La zona de interés resulta profundamente contemporánea debido al renacimiento actual del fascismo

Glazer es un fabuloso estilista que revolucionó el film gangsteril con su apabullante Sexy Beast (2000), delineó el género del misterio de la reencarnación con Birth (2004) y creó una de las cintas de horror y ciencia ficción más fascinantes y estremecedoras del siglo XXI: Under the Skin (2013). Ahora narra una historia que sucede en 1942, cuando Auschwitz enfrenta la necesidad de crecer y los logros de Höss se vuelven su peor condena, ya que sus superiores desean ascenderlo y, por tanto, quieren reasignarlo a otro lugar. Pero Hedwig no quiere dejar su casa, jardín y pileta, el pequeño paraíso que ha creado con el esfuerzo y las cenizas de las víctimas. El sueño colonial, expansionista y genocida se contempla a través de la “banalidad del mal”, el término que acuñó Hannah Arendt al respecto del juicio de Adolf Eichmann. Y si bien esto es evidente, Glazer reduce al mínimo las descripciones políticas y la criminalidad. En vez de eso las conversaciones giran en torno a deseos, aspiraciones y reivindicaciones personales del sueño nazi. 

El hijo juega con dientes de oro, en la casa reciben ropa usada y Höss cuenta montones de billetes de diferentes divisas, nadie habla del origen de estos objetos.
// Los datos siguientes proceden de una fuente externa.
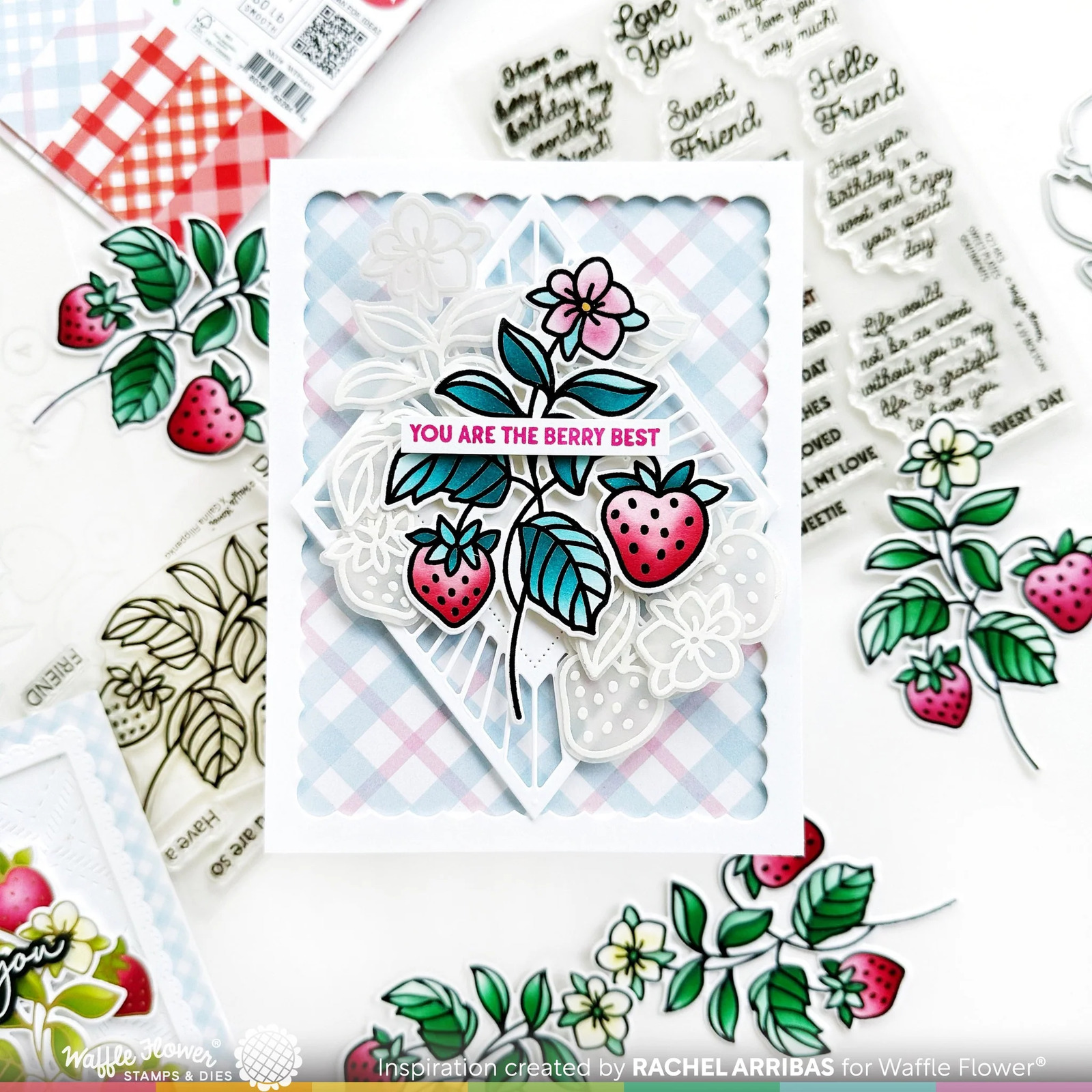 The Sweet Strawberry Stamp set features a lovely stem of strawberries waiting to be picked. Use the coordinating coloring stencil to add colors in media of your choice quickly. A foil plate version and the Matching Die are also available.
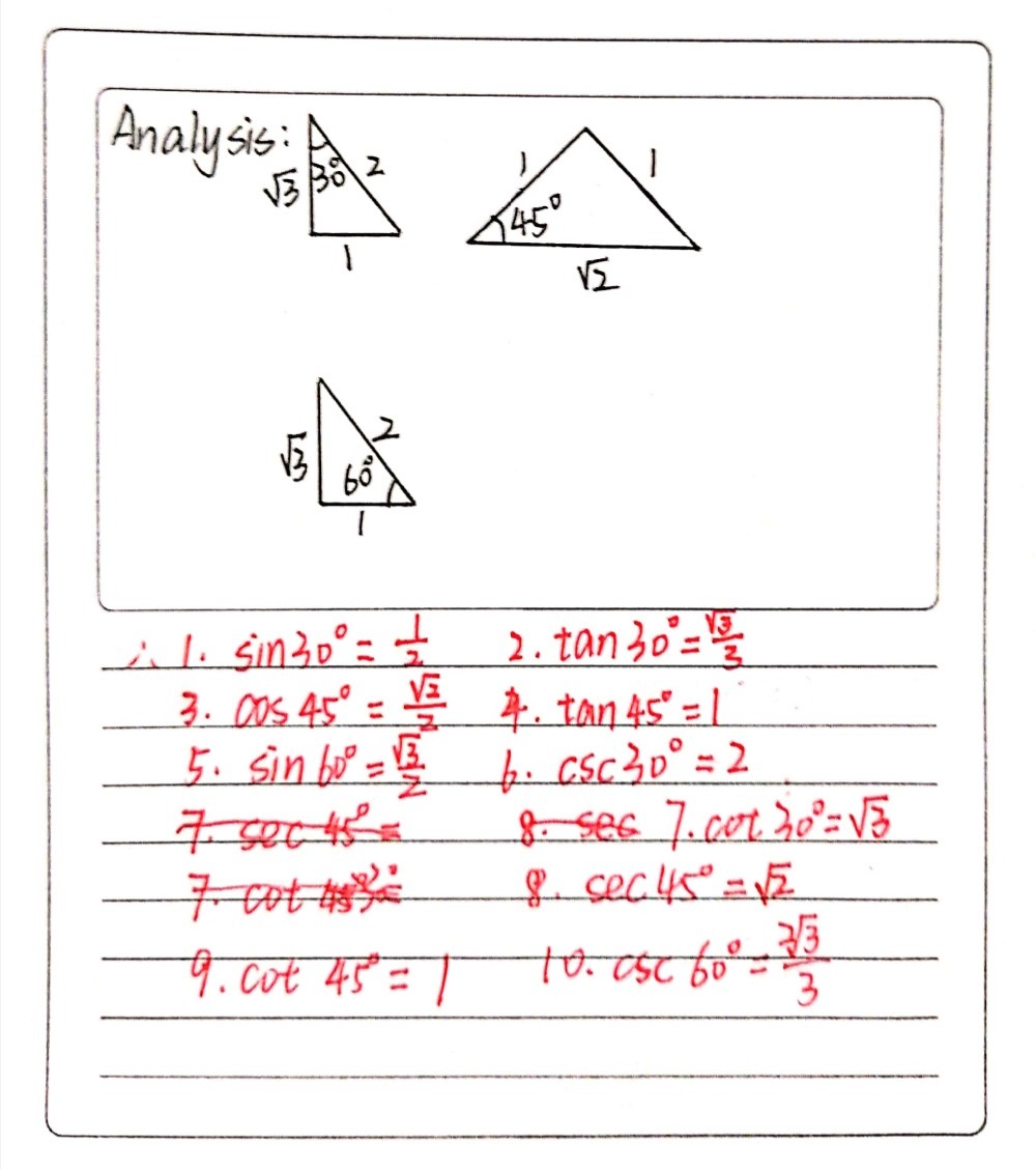 Trigonometric ratios of some special angles. Sine, cosine and tangent, shortened to sin, cos and tan. Trigonometric ratios are the ratios between edges of a right triangle. The relation between the sides and angles of a right triangle is the basis for trigonometry. It is a special triangle in which one angle is 90° and the other two are less than 90 question 4:

Uno de los pocos momentos en que la contundencia del campo de la muerte se vuelve aplastante en la vida familiar es cuando Höss pesca en el río mientras sus hijos chapotean, hasta que encuentra una mandíbula en el agua y se da cuenta de la presencia de cenizas. Huye despavorido y lleva a los niños a que los bañen frenéticamente. La mancha de las cenizas se pega al cuerpo y los objetos. La única mirada que se nos permite del campo de la muerte ofrece otra perspectiva de la banalidad del mal: la de convertir la tragedia en parque temático. Una extraña secuencia-túnel del tiempo cerca del final es una visión del fin de un orden y de la justicia que vendrá.

La zona de interés trata principalmente sobre cómo seccionar la atrocidad, la posibilidad de llevar una vida ordinaria a unos metros del horror más extremo, de la esclavitud y el genocidio sin verlo, sin reconocerlo. No es una película de lo que sucedió sino de la manera en que se permitió que sucediera. Y en ese sentido es profundamente contemporánea debido al renacimiento actual del fascismo. El pragmatismo de Hedwig, quien cuida su jardín con pasión (y trabajadores esclavizados), refleja a la perfección la manera sutil en que lo terrible pasa a ser normal. En gran medida esta cinta se siente como un testamento de la situación en Gaza antes del 7 de octubre. En particular, es reveladora la cruel ironía de tener el festival Nova, de música por la paz, a pocos metros del muro de separación que mantiene a Gaza como la prisión al aire libre más grande del mundo, una “zona de interés” de 350 kilómetros cuadrados, cuya población de casi 2.5 millones vive cautiva, bajo un bloqueo, ataques y bombardeos continuos desde 2007. Es imposible ver ahora esta película y no pensar en el horror de la indiferencia hacia la deshumanización en Gaza. ¿Cómo es posible vivir puerta con puerta con atrocidades e ignorarlas simplemente porque están fuera de nuestra “zona de interés”?